Petitioners aver that they were not informed about the restructuring of Transbuilders loan. In fact,
when they learned of the new loan agreement sometime in December 1996, they wrote BPI-FSB
requesting the cancellation of their mortgage and the return of their certificate of title to the
mortgaged property. They claimed that the new loan novated the loan agreement of March 24,
1995. Because the novation was without their knowledge and consent, they were allegedly
released from their obligation under the mortgage.
When BPI-FSB refused to cancel the mortgage, petitioners filed separate petitions for mandamus
and prohibition with the Regional Trial Court (RTC) of Manila to compel the bank to return their
certificate of title and cancel the mortgage.
The Manila RTC dismissed petitioners actions for mandamus and prohibition. Their appeal to the
Court of Appeals was likewise dismissed. The CA ruled that on the whole, the contract of
loan/mortgage dated March 24, 1995, appears to include even the new loan agreement
between Transbuilders and BPI, entered into on June 28, 1996.

Issue:
Whether there was a novation of the mortgage loan contract between petitioners and BPI-FSB
that would result in the extinguishment of petitioners liability to the bank.
Held:

There was no novation of the mortgage loan contract.

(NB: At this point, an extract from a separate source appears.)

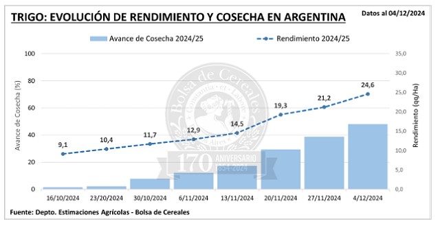 Tras un progreso intersemanal de 9,4 p.p., la cosecha alcanzó el 48,1% del área apta. El rinde promedio asciende a 24,6qq/Ha. La proyección de producción se mantiene en 18,6 MTn, pero podría aumentar de continuar registrando rendimientos superiores a los estimados.
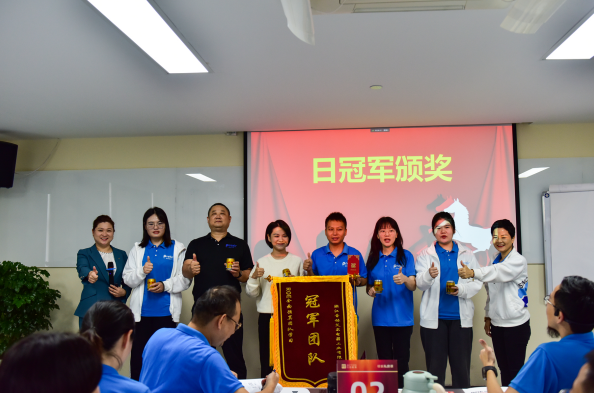 學(xué)練考賽是行動教育的課程特色,先學(xué)習(xí)、后訓(xùn)練、再比賽,通過這樣一個閉環(huán)可以讓知識得到鞏固并有效進(jìn)行落地。“上下同欲者勝,同心同行者贏”。通過比拼,每日都會產(chǎn)生日冠軍,最后一天角逐出了本次的總冠軍團(tuán)隊和優(yōu)秀學(xué)員。

Article 1292 of the Civil Code on novation further provides:
Article 1292. In order that an obligation may be extinguished by another which substitute the
same, it is imperative that it be so declared in unequivocal terms, or that the old and the new
obligations be on every point incompatible with each other.
The cancellation of the old obligation by the new one is a necessary element of novation which
may be effected either expressly or impliedly. While there is really no hard and fast rule to
determine what might constitute sufficient change resulting in novation, the touchstone, however,
is irreconcilable incompatibility between the old and the new obligations.
In every novation there are four essential requisites:(1) a previous valid obligation; (2) the
agreement of all the parties to the new contract; (3) the extinguishment of the old contract; and
(4) validity of the new one. There must be consent of all the parties to the substitution, resulting in
the extinction of the old obligation and the creation of a valid new one. The acceptance of the
promissory note by the plaintiff is not novation of the contract. The legal doctrine is that an
obligation to pay a sum of money is not novated in a new instrument by changing the term of
payment and adding other obligations not incompatible with the old one. It is not proper to
consider an obligation novated as in the case at bar by the mere granting of extension of payment
which did not even alter its essence. To sustain novation necessitates that the same be declared
in unequivocal terms or that there is complete and substantial incompatibility between the two
obligations. An obligation to pay a sum of money is not novated in a new instrument wherein the
old is ratified by changing only the terms of payment and adding other obligations not
incompatible with the old one or wherein the old contract is merely supplementing the old one.

BPI-FSB and Transbuilders only extended the repayment term of the loan from one year
to twenty quarterly installments at 18% interest per annum. There was absolutely no
intention by the parties to supersede or abrogate the old loan contract secured by the real
estate mortgage executed by petitioners in favor of BPI-FSB. In fact, the intention of the
new agreement was precisely to revive the old obligation after the original period expired
and the loan remained unpaid. The novation of a contract cannot be presumed. In the
absence of an express agreement, novation takes place only when the old and the new
obligations are incompatible on every point.